The strange thing, on looking back, was the purity, the integrity, of her feeling for Sally. It was not like one’s feeling for a man. It was
completely disinterested, and besides, it had a quality which could only exist between women, between women just grown up. It was
protective, on her side; sprang from a sense of being in league together, a presentiment of something that was bound to part them (they
spoke of marriage always as a catastrophe), which led to this chivalry, this protective feeling which was much more on her side than Sally’s.
For in those days she was completely reckless; did the most idiotic things out of bravado; bicycled round the parapet on the terrace;
smoked cigars. Absurd, she was — very absurd. But the charm was overpowering, to her at least, so that she could remember standing in
her bedroom at the top of the house holding the hot-water can in her hands and saying aloud, ‘She is beneath this roof… She is beneath
this roof!’
No, the words meant absolutely nothing to her now. She could not even get an echo of her old emotion. But she could remember going
cold with excitement, and doing her hair in a kind of ecstasy (now the old feeling began to come back to her, as she took out her hairpins,
laid them on the dressing-table, began to do her hair), with the rooks flaunting up and down in the pink evening light, and dressing, and
going downstairs, and feeling as she crossed the hall ‘if it were now to die ’twere now to be most happy’. That was her feeling — Othello’s
feeling, and she felt it, she was convinced, as strongly as Shakespeare meant Othello to feel it, all because she was coming down to dinner
in a white frock to meet Sally Seton!
She was wearing pink gauze — was that possible?

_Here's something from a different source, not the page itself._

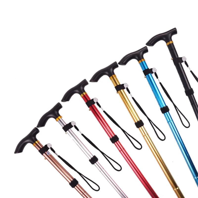 Multifunction Walking Stick Trekking Poles Telescopic Fold Crutches Hiking Stick Crutch Elderly Metal Stick Walking Cane Outdoor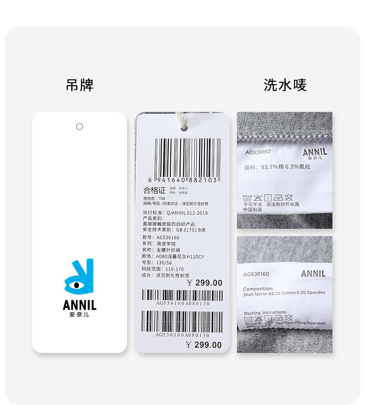 【实体店同款】女童全腰针织裤秋季新款安奈儿童装AG536160

She seemed, anyhow, all light, glowing, like some bird or airball that has flown in,
attached itself for a moment to a bramble. But nothing is so strange when one is in love (and what was this except being in love?) as the
complete indifference of other people. Aunt Helena just wandered off after dinner; Papa read the paper. Peter Walsh might have been
there, and old Miss Cummings; Joseph Breitkopf certainly was, for he came every summer, poor old man, for weeks and weeks, and
pretended to read German with her, but really played the piano and sang Brahms without any voice.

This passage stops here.